Y allí, reconociéndonos culpables, pedir a Cristo su Gracia para que nos limpie
y nos permita recomenzar una vida de amor y piedad.
Y,
posteriormente, elevar a Jesús ese acto de fe que el leproso susurró al
Maestro, depositando en Él toda su esperanza: “Si quieres, puedes…” Así hemos
de abrir nuestro corazón al Amigo, al Hermano, al Amante. Con ese
convencimiento de que todo es posible para Aquel que sólo espera que vayamos a
su encuentro. Y Jesús, como siempre, ante una actitud que rinde su voluntad a
la aceptación de la voluntad divina, responde como es habitual en Él: “Quiero”.
Ese “quiero” que el Hijo de Dios está dispuesto a ofrecernos, si nosotros
ponemos nuestra confianza en su respuesta. Si somos capaces de tender nuestra
mano, para asir con fuerza la suya, cuando nos sentimos desfallecer.

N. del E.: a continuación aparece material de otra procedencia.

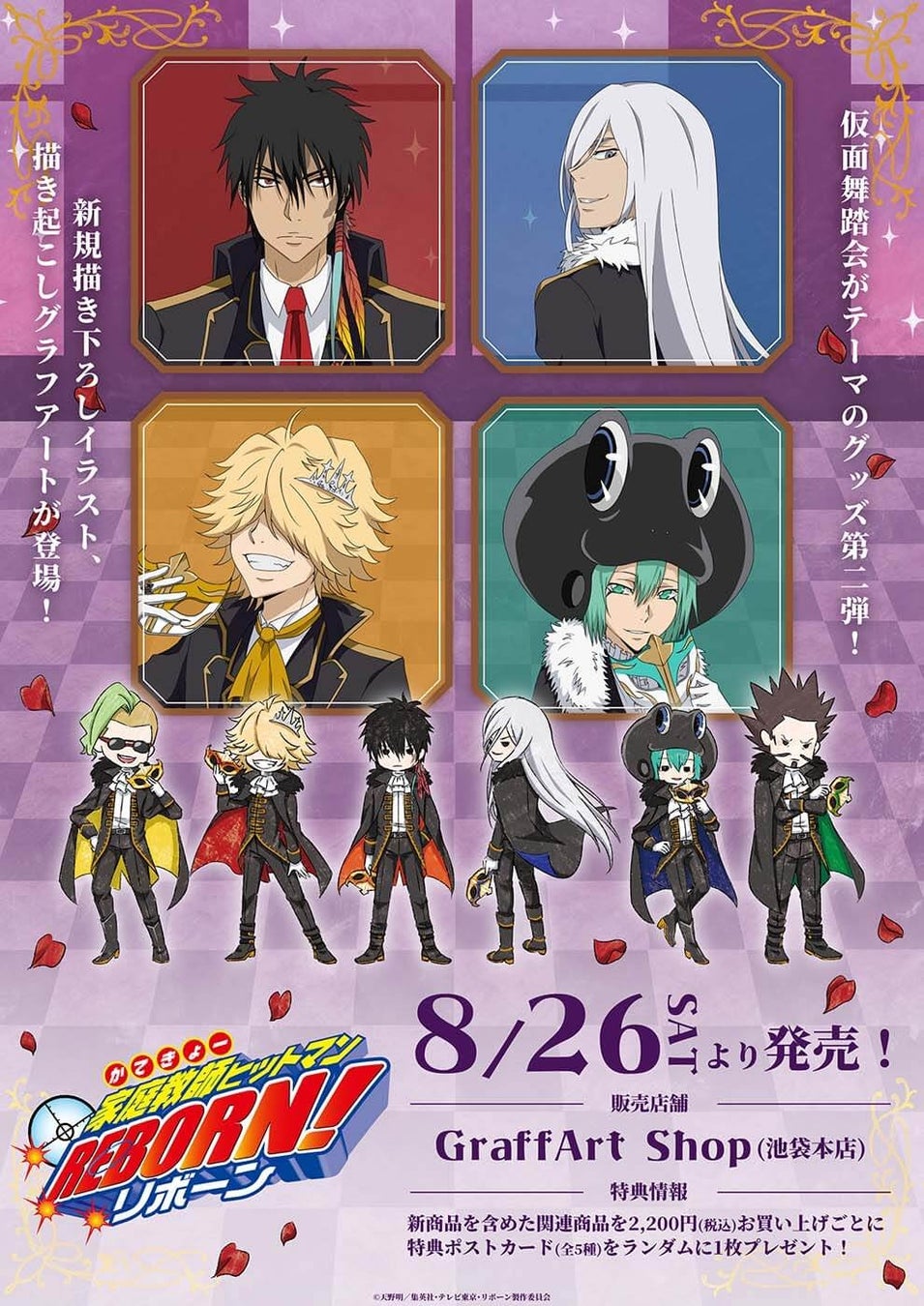今回発売されるのは、仮面舞踏会をテーマにした描き下ろしイラスト&A3オリジナルイラスト・GraffArt(グラフアート)を使用したグッズ。6月から発売中の、リボーンやツナたちの仮面舞踏会シリーズに続く第2弾です!
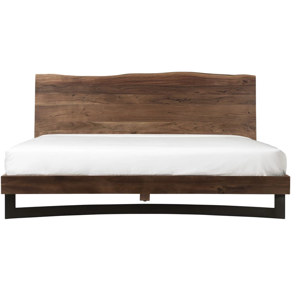 The Bent collection puts nature’s craft front and center. Made of beautiful solid acacia wood, rustic live edge detailing shows off the unique knots and whorls of the wood. An organic element for your bedroom, the Bent king bed’s expansive live edge headboard is a showcase for the acacia. A bent iron piece adds an industrial juxtaposition to the natural elements. Pair with other pieces in the Bent collection for a complete look.

Difícilmente nos sostendrá en la caída, si no elevamos nuestros brazos, para
que nos sujete con los suyos. El Señor nos espera siempre en la soledad del
Sagrario, como lo hacía con todos aquellos que recorrían los caminos de
Galilea. Está presente, como entonces, pero ahora en forma sacramental, a la
espera de que queramos, como el leproso, recurrir a su presencia. Está sentado
todo un Dios, por amor, aguardando a que queramos ir a visitarle.